▸ **TRY IT**: Restate the listing below word for word; no picture is to be carried over.

▸ **DATA PROVIDED**:

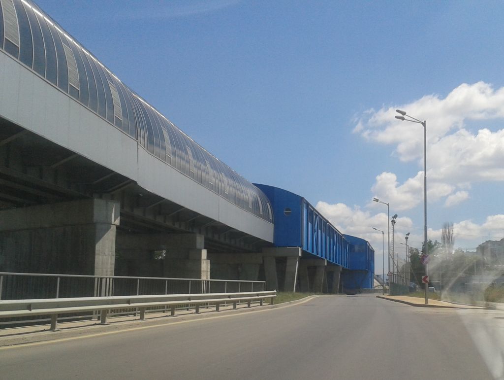 Sofia Metrostation Lomsko shose as seen from the road. July 2013. This is the high bridge crossing Lomsko shose, just before the station when coming from Obelya. Photo by M.Koblischka |
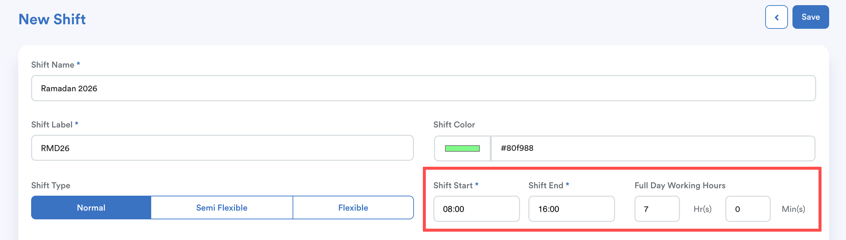 Tips: Don’t change overtime, holiday, or attendance rules here. Only change the shift timing.
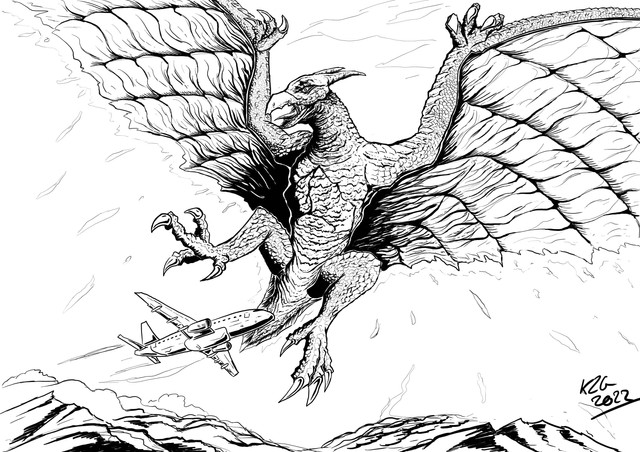 #godzilla #ink #kaiju #monster #rodan #toho #illustration #kingghidorah #godzillakingofthemonsters #inktoberchallenge #inktober2020

▸ **ANSWER TO THIS PROBLEM**:
 Sofia Metrostation Lomsko shose as seen from the road. July 2013. This is the high bridge crossing Lomsko shose, just before the station when coming from Obelya. Photo by M.Koblischka |
 Tips: Don’t change overtime, holiday, or attendance rules here. Only change the shift timing.
 #godzilla #ink #kaiju #monster #rodan #toho #illustration #kingghidorah #godzillakingofthemonsters #inktoberchallenge #inktober2020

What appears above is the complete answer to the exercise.